Rompiendo el ayuno
Luego de habernos visto en su cumpleaños hace unos meses, en un karaoke en la 34, mi amiga musulmana me invitó para que la acompañara a la celebración del Ramadán.
Durante el camino en el subway, nos pusimos al día. Con mirada mustia, por el ayuno requerido en el período del Ramadán, me contó que había defendido su tesis doctoral y que aún estaba buscando trabajo.
Llegamos temprano al lugar: una universidad que provee el espacio para dicha celebración. Diviso alrededor de sesenta personas reunidas en el salón principal. En eso, un muchacho pasa con una bandeja colmada con dátiles cerca de nosotros y mi amiga me indica que tome uno, porque con ello era que se rompía el ayuno. Ya con el dátil rosándome los labios, el muchacho me revela efusivamente que aún no puedo comérmelo, que apenas faltan cuatro minutos más para poder romper el ayuno…
El ayuno del Ramadán exige que los musulmanes no consuman alimentos o bebidas, ni mantengan relaciones sexuales desde el alba hasta la puesta de sol, durante treinta días. Es una práctica religiosa que se remonta a los tiempos del profeta Mahoma. Según la tradición, las fechas en las que se celebra el Ramadán corresponden al tiempo sagrado en el que se revelaron las escrituras sagradas pertenecientes a las principales religiones monoteístas, el Islam, el Judaísmo y el Cristianismo. Por esta razón, durante el período del Ramadán, se recita de memoria el Corán.
Nos dirigimos al salón de oración. Sigo a mi amiga y me quito los zapatos. La multitud se acumula en el salón y yo me quedo en la parte de atrás. Todas las mujeres, cubiertas, se arrodillan para comenzar sus oraciones. Los hombres hacen lo mismo. Vislumbro una canasta con faldas y mantos, y decido ponerme uno para no llamar la atención, aunque nadie me obliga a hacerlo. Desde el fondo del salón, observo cómo las ocho filas de cuerpos arrodillados, se inclinan hacia delante y hacia atrás, siguiendo una voz que no entiendo, porque no sé árabe. Al cabo, de media hora, todos se levantan y nos dirigimos al otro salón donde nos espera la cena. Todos están hambrientos.

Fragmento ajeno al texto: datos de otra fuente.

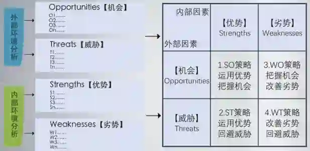 内部因素 + 外部因素就构成了企业(产品)战略,所以企业(产品)战略的公式为:企业(产品)战略=内部因素(SW)+ 外部因素(OT)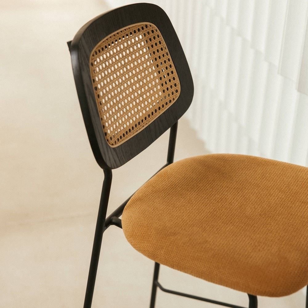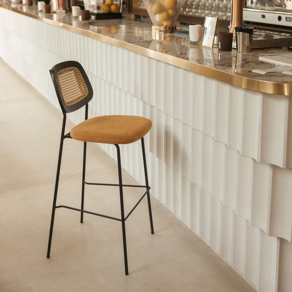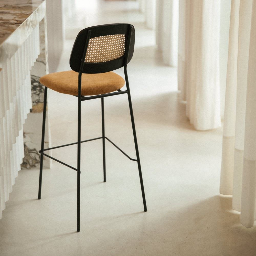 Originality and comfort are at the heart of the design of the Cardinal upholstered high stool. Its textile upholstery will give a soft touch and a comfortable seat as well as a cozy and warm look to your interior. Its wood and mesh backrest give it an organic touch. Padded with foam, this high stool is ultra comfortable, making it a perfect stool. To make this type of stool stand out, combine it with a high table, for example.

Nos ponemos los zapatos nuevamente y hacemos la fila para comer. Observo que hay voluntarios judíos sirviendo la comida. A un lado, se ofrece comida halal y al otro, kosher. Allí, nos encontramos con otra amiga y ellas comienzan a hablar de las pocas veces que han roto el ayuno durante las dos semanas que llevan practicándolo. Una se había comido un sorbet de limón y la otra, un chocolate sirio, que su madre, siria, había preparado. Las contemplo y observo en su mirada cierta vergüenza cargada de cinismo.
Les pregunto que cómo se conocieron. Me cuentan que todo comenzó cuando apenas cursaban el bachillerato en la Florida. Ambas estaban en la biblioteca y una buscó a la otra, porque ambas se cubrían con el hijab. Según la anécdota, mi amiga en aquel entonces se cubría también la boca y la nariz, por lo cual, la otra pensó que era extremista. Luego de varios minutos, se hicieron amigas para siempre. Mi amiga no era extremista, me explicó. Ella sólo se cubría porque quería enfocarse más en los estudios y porque en ese momento se sentía cómoda al hacerlo. Me confiesa, entre risas, que le resultaba difícil comer, que siempre tenía el velo manchado con salsas o rastros de comida.
Luego hubo una pausa. En eso me mira y me dice que ahora, pensando en retrospectiva, no se imagina cómo sería portar ese segundo velo sobre su rostro en la universidad. No sabe cuáles serían las consecuencias. Sospecha que no serían buenas, o como menos, sospecha que hoy sería incomprendida.